Monday, 7 October 2013

State ownership of our resources? Only for foreigners


It certainly looks like prime minister Stephen Harper has pulled out a plum with the announced $36-billion investment by Petronas, the Malaysian state-owned energy company that bought Alberta-based Progress Energy Inc. last year.

We really won't know the full outcome for 30 years, the time frame of the deal Harper sealed with a public handshake Sunday with his counterpart, prime minister Mohd Najib.

But we do know a liquified natural gas pipeline to the B.C. coast is high on their list. The price tag on that? A reported $19 billion.

By now, foreign government ownership stakes in Canada's energy industry match, outstrip (or are part of) all but the largest of the international conglomerates that mine, refine and ship our energy resources.

But we generally don't approve of government-run energy firms. At least, when it's our government investing.

Alberta's oil sands, conventional crude, natural gas and coal make up the largest non-government-controlled energy reserves in the world. No other country on Earth has resources even remotely close to ours, without the states where these resources are found nationalizing their development.

Let's see: a quick top-of-memory list of foreign state-owned companies in our oil patch includes Norway, France, Great Britain, The Netherlands, China. That's just the short list.

Why are foreign state-owned energy firms invited — courted, even — to buy in to our provincial resources with promises of long-term profits for their citizens, when our own citizens apparently do not get such access?

It was not always thus. I was in university during the Arab oil embargo crisis of 1973. The sudden spike in oil prices and the prospect of supply shortages had governments around the world worried.

Canada recognized we had a lot of reserves, but it was thought the easiest pools of oil and gas had already been discovered and claimed. The next generation of development would not be done solely by Calgary mavericks setting up exploration companies on a shoestring and then selling out to the big guys as soon as they hit a gusher.

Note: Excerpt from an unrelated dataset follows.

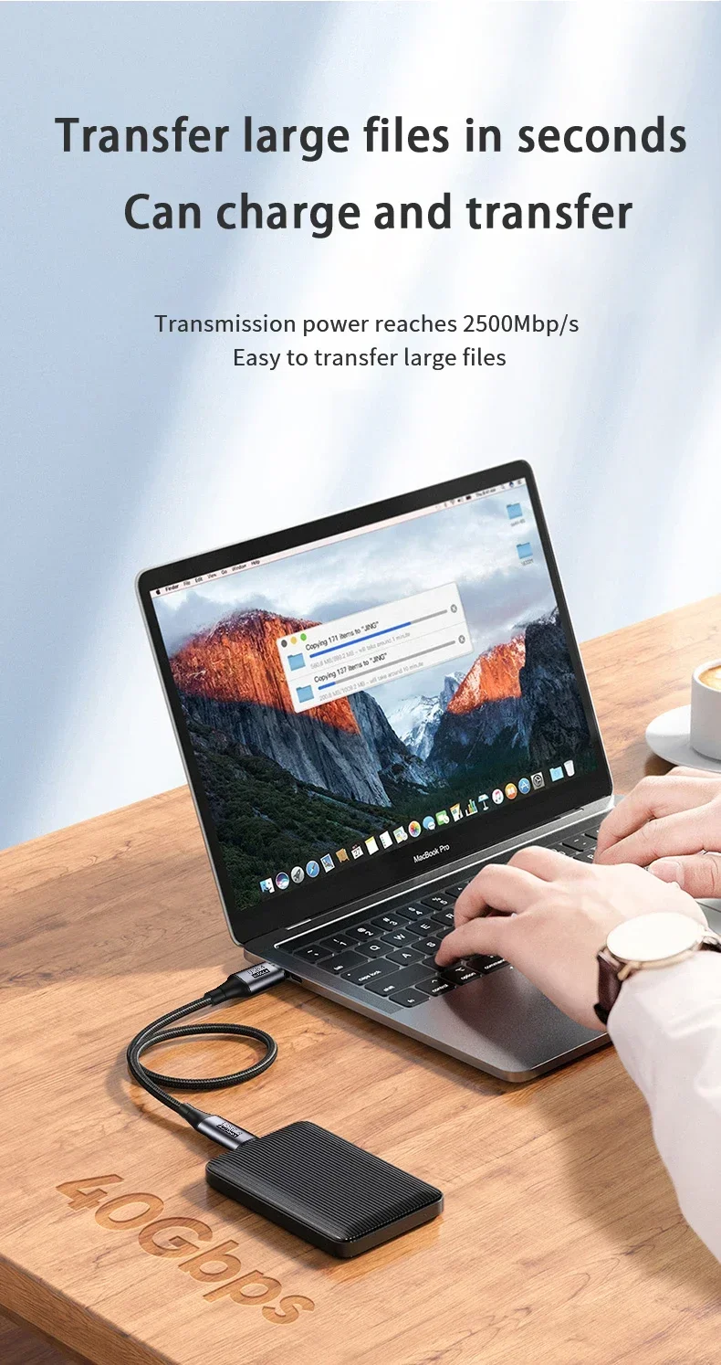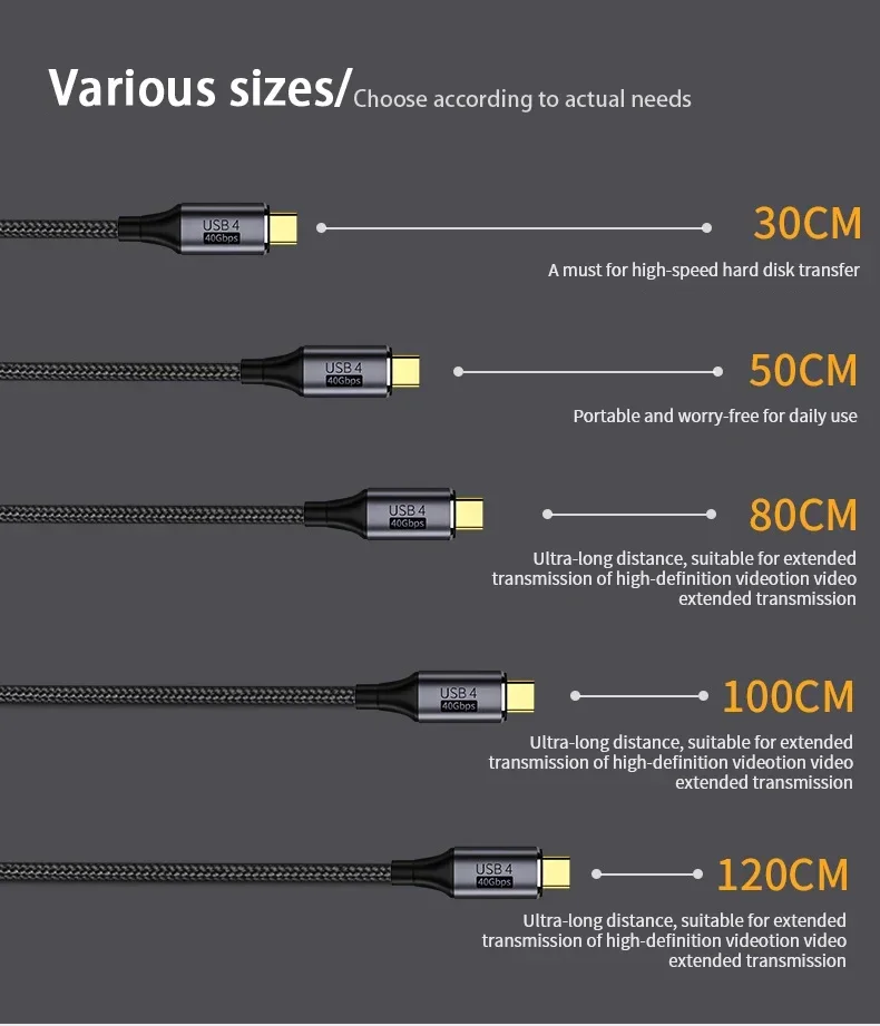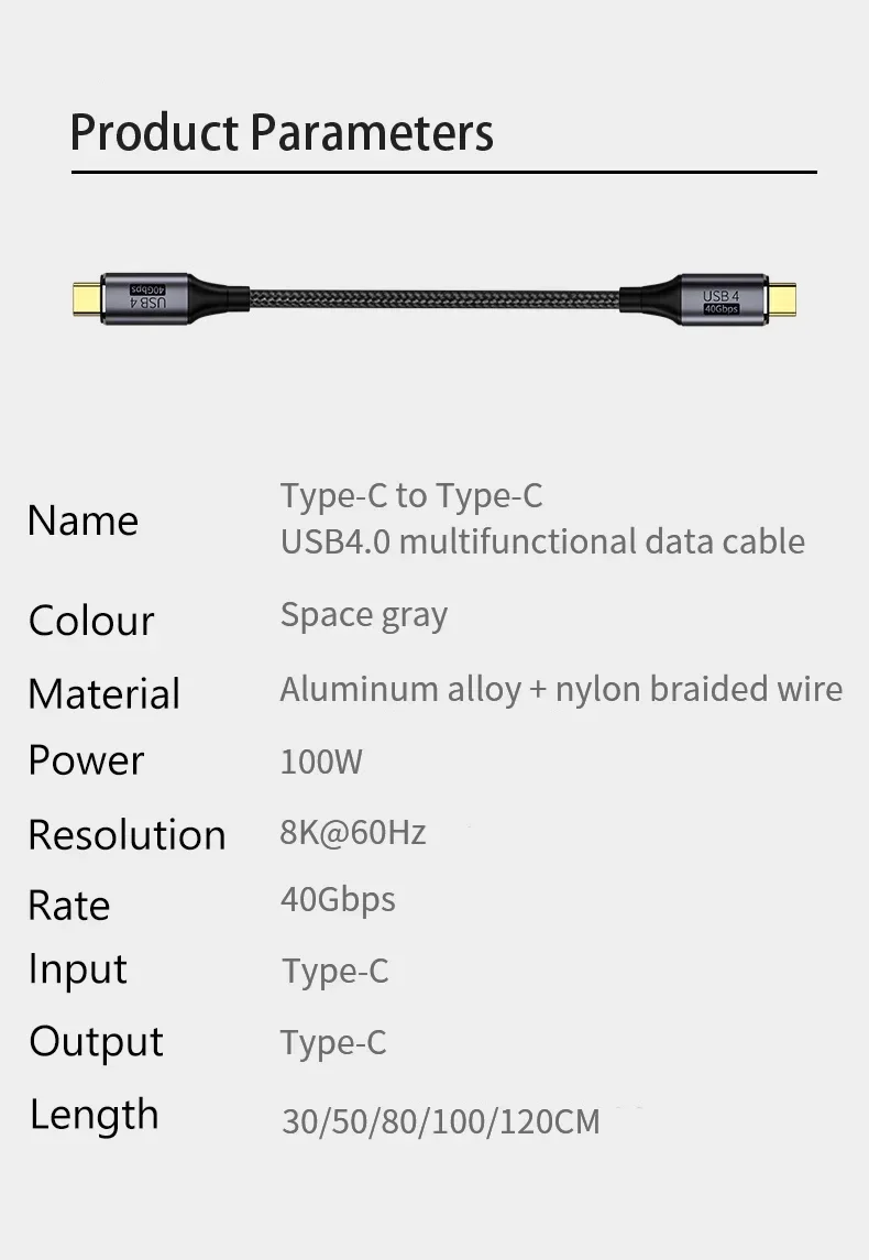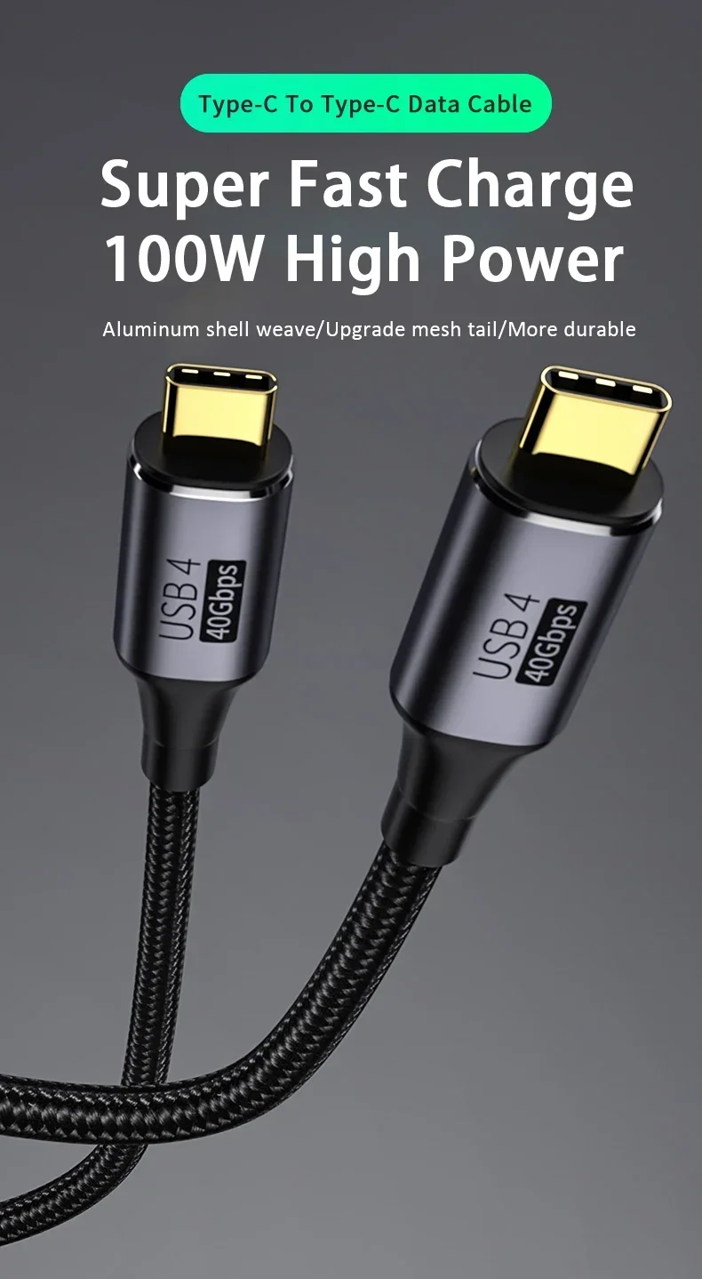 Cable de datos USB4.0 20/40Gbps 5A PD 100W carga rápida Cable USB C a C compatible con 8K@60Hz para Thunderbolt Macbook Pro 2/3m Cable

Deep, tight reserves and oil chemically tied up to clay and sand needed the kinds of capital that only governments can rally.

Pierre Trudeau had a minority government then, with the NDP holding the balance of power, and Canadian people were genuinely worried over the cost of filling up their God-almighty V-8 cars with leaded gas every couple hundred kilometres.

So, with $1.5 billion startup, Petro-Canada was begun, and it eventually swallowed the stakes the feds held in Panarctic Oil, Syncrude, Atlatic Richfield, Pacific Petroleums, Petrofina and all the service stations owned by BP Canada.

Out West, they hated Petro-Canada, though company ran until 2009, when it was all sold to Suncor. And now we like them.

Alberta had its own energy company once, too. In 1973, 60,000 applications were selected to buy shares in the province's newly-formed Alberta Energy Corporation.

I was a student member of the Legislative Press Gallery back then, and the talk among the reporters upstairs during Question Period was whether it was ethical for an ink-stained wretch to get in on the action. I remember just wishing I had $100 that wasn't already allocated to rent or food, never mind buying shares at $10 a pop.

But only seven years' worth of dividends and growth later, when Alberta Energy got its three-for-one stock split, I remember regretting my need for food.

In 1993, Ralph Klein divested the province from Alberta Energy, and in 2002 a new company called Encana took the whole thing over.

Strange, eh? A state energy company started by Peter Lougheed goes public as soon as it gets really successful, which then will probably be taken over by a Communist Chinese state-owned Petro China.

Stephen Harper says (most of the time) that he's against the state-owned companies of foreign governments holding too significant a share in our strategic resources. Except when he's not.

But it sort of looks like that horse left the barn a long time ago. And then we sold the barn.

For governments and their people, the upside in direct ownership of energy resource development is huge. Energy supply stability, and the profits to be made supplying it are vital to a nation's security, and to world peace.

But for reasons Canadians probably can't even explain to themselves rationally, we don't believe in it for ourselves.